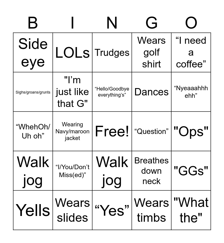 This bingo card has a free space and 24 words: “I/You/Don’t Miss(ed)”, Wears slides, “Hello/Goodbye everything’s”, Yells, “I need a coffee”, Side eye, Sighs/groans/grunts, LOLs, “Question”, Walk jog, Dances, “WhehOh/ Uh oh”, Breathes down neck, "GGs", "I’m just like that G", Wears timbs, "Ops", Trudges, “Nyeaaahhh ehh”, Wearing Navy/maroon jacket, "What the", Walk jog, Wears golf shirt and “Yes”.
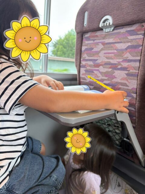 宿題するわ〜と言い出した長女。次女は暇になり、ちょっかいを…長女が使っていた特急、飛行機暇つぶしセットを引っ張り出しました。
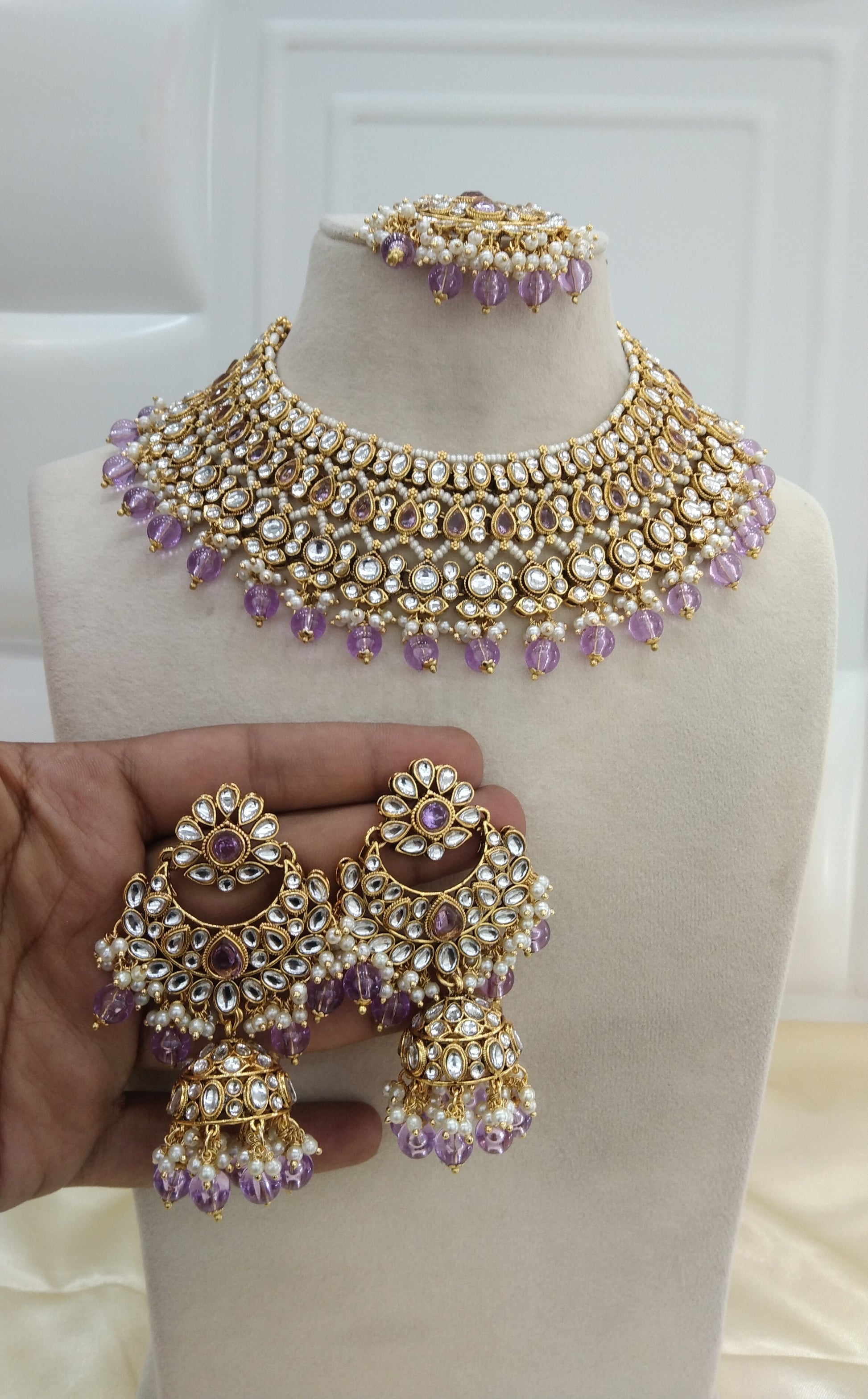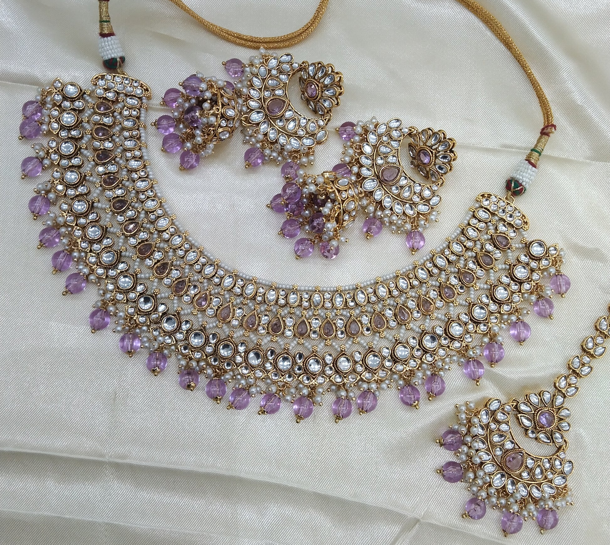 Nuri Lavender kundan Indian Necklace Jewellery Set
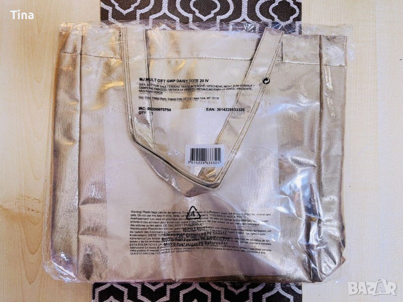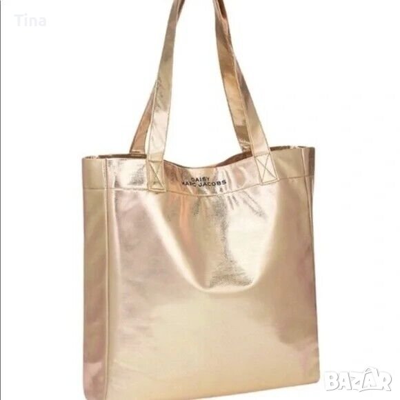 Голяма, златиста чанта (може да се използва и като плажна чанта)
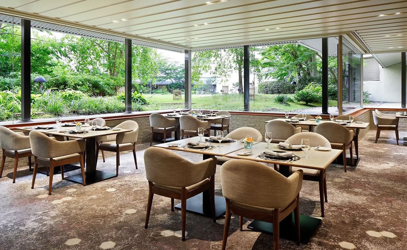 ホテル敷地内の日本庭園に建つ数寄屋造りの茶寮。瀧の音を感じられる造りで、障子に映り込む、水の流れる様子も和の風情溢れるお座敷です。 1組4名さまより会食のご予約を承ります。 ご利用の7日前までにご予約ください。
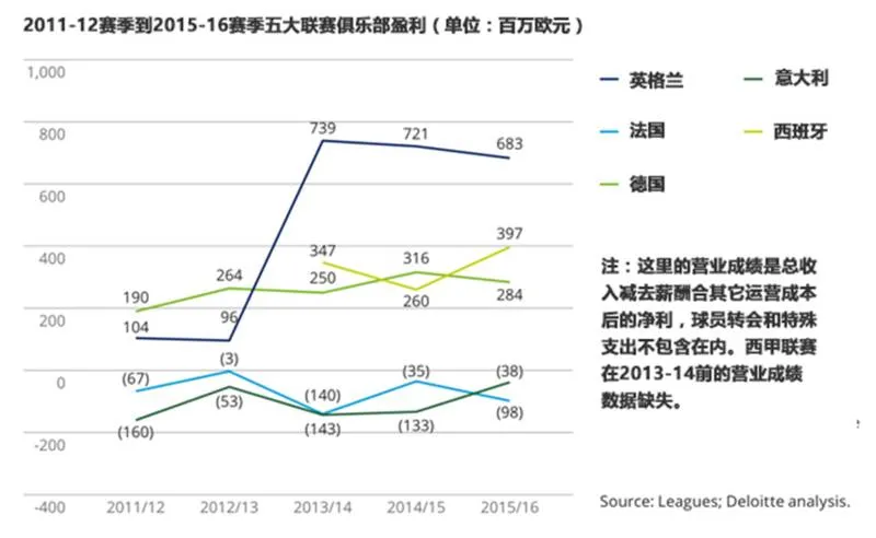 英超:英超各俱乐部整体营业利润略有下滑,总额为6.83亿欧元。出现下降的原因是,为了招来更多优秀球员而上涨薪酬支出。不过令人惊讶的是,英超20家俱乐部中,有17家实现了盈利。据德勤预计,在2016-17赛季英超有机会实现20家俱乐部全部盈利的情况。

· · · · · · ·

Starting with the line containing "Nuri Lavender kundan" and ending with the last line of the records above, write out each line exactly; no pictures.

 Nuri Lavender kundan Indian Necklace Jewellery Set
 Голяма, златиста чанта (може да се използва и като плажна чанта)
 ホテル敷地内の日本庭園に建つ数寄屋造りの茶寮。瀧の音を感じられる造りで、障子に映り込む、水の流れる様子も和の風情溢れるお座敷です。 1組4名さまより会食のご予約を承ります。 ご利用の7日前までにご予約ください。
 英超:英超各俱乐部整体营业利润略有下滑,总额为6.83亿欧元。出现下降的原因是,为了招来更多优秀球员而上涨薪酬支出。不过令人惊讶的是,英超20家俱乐部中,有17家实现了盈利。据德勤预计,在2016-17赛季英超有机会实现20家俱乐部全部盈利的情况。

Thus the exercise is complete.